There are some tips and tricks to keep in mind. Many vegetables need more soil than you would think. For instance, a single tomato needs at least 5 gallons of soil, which is about a 12-inch pot, but a bushel basket is even better, as it holds about 8 ½ gallons of soil, approximately the equivalent of a 15-inch pot. Containers need to be large to provide not only a space for root growth but also to allow for more water storage in the soil. Keeping the soil at a relatively constant moisture level will help with production. The container needs to have holes in the bottom allowing for excess water to drain (as we know, wet “feet” aren’t any fun). “Soil-less” potting mix works best in containers. These mixes are lightweight with adequate, even water retention, allowing water to drain rather quickly and leaving plenty of room for air and root growth.
Watering is the most important part of container gardening.

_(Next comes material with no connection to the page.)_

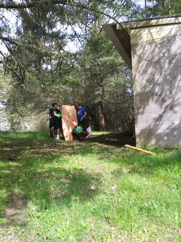Our yard is on a hill, so the plan is to hide stuff along the way down the hill, including potions, gold, string, power ups and wooden planks. Husband eventually cut the pieces for the crafting table, so, let’s see how that goes.

Keeping the soil evenly moist promotes good plant health and production. The type of plants you use, the size of the container, the amount of soil, and weather conditions will determine how much and when you’ll need to water, possibly as often as every day. Always finger check the soil to make sure it needs water.
The demand for plant breeders to develop plants that work great in containers continues to grow and the availability of compact plants with good yields is increasing.
The following are some plant suggestions and corresponding container sizes for your gardens.
- Beets: 5 gallons of soil and a deep container; Varieties: Chioggia, Detroit Dark Red, Early Wonder
- Broccoli: 1 plant per 5 gallons of soil; Varieties: Purple Sprouting, Super Blend
- Carrots: at least 12-inches worth of soil and should be grown from seed; Varieties: Adelaide Baby, Little Finger, Ox Heart, and Thumbelina
- Cucumbers: a 12-inch deep container with at least 5 gallons of soil; Varieties: Bush Champion, Early Pik, and Spacemaster
- Eggplant: at least 3 gallons of soil are needed, approximately a 10-inch container; Varieties: Black Beauty, Prosperosa, Rosa Bianca, and Snowy White
- Lettuce: at least 2 gallons of soil and work well in window boxes; Varieties: Any type of lettuce will work, but Black Seeded Simpson and Mesclun mixes are showy and tasty
- Peppers: 1 plant can grow in 2 gallons of soil, or an 8-inch pot; 5 plants require 15 gallons; Varieties: Sweet: California Wonder Bell, Giant Szegedi, Purple Beauty Bell, Redskin, and Sweet Banana; Varieties: Hot: Bulgarian Carrot, Jalapeno, Marbles, and Thai Hot
- Radishes: need a deep 10-inch container’s worth of soil; should be grown from seed; Varieties: Cherriette Hybrid, Cherry Belle, Easter Egg Blend, French Breakfast
- Spinach: requires 2 gallons of soil; also works well in window boxes; Varieties: Renegade, Melody Hybrid, Space Hybrid
- Tomatoes: need 5 gallons or a bushel basket of soil; Varieties: Cherry-like: Husky Cherry Red Hybrid, Patio, Small Fry, Tiny Tim, and Tumbling Tom ; Varieties: Good “slicers”: Better Boy, Better Bush, Celebrity, and Early Girl
As always, read the plant tag or seed package. This will tell you how big a mature plant will become, determining if it is container-worthy by making sure the container and the space will allow it to grow correctly. Herbs are suited to containers-even wild and invasive mint can be controlled in a container. Lavender and rosemary like warm, well-drained soil and thrive in containers. This will be one of the only times you should limit the number of plants in the container. Remember: you are growing a crop not a display, though you may never see anything more pleasing to the eye than your own colorful vegetable container garden.
Barbara Arnold is green corps coordinator at Franklin Park Conservatory.